Example of composite fixes:

Guess:

def solve(s: str):
   n = len(s)
   a = int(input()) - 1
   b = int(input()) - 1
    cost = 0
   for i in range(a, b):
     if s[i] != s[i + 1]:
       cost += 1
   print(cost)

Fix:

def solve(s: str):
   n, a, b = map(int, s.split('\n')[0].split())
   companies = s.split('\n')[1]
   cost = 0
   if companies[a - 1] != companies[b - 1]:
     cost = abs(a - b)
   print(cost)

4. Does AuPair utilize a slightly higher computational budget compared to baselines?

This is partially correct: there is a one-time amortised cost that our algorithm incurs to construct the AuPairs, but the cost at test-time is identical. Note that the same fixed set of AuPairs boosts performance across models and datasets (Fig. 6, 7 show out-of-distribution generalisation), indicating that the upfront cost is easily amortised.

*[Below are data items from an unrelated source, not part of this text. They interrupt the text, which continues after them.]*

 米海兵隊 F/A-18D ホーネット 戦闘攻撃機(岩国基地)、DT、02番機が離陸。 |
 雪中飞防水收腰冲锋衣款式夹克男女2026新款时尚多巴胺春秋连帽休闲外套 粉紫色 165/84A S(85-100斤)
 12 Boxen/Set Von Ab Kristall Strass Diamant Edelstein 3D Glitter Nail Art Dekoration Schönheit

5. The phrase "in conjunction with high performing" in line 260 is somewhat confusing

We explain this in line 250: "since the code generated has to adhere to a specific format to allow successful execution, we observe that many initial guesses of generated code fail because they do not obey these conditions". Moreover, our experiments on GPT-4o above also show that the insight stands, since we observe absolute improvements of 11% and 20% using AuPair compared to self-repair (strongest baseline).

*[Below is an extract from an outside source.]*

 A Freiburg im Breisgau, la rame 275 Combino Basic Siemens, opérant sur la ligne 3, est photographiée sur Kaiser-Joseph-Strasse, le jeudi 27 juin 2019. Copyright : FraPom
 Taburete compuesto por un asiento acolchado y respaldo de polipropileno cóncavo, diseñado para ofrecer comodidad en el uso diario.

6. The necessity of the subtraction step is not intuitively clear

The fix quality matrix contains the score for each candidate pair for each validation problem. After picking the pair with the best mean score, we subtract this score from the matrix because only after removing the previous best pair can we find the complementary next best pair.

7. Missing references

We will include the mentioned references in the Related Work section.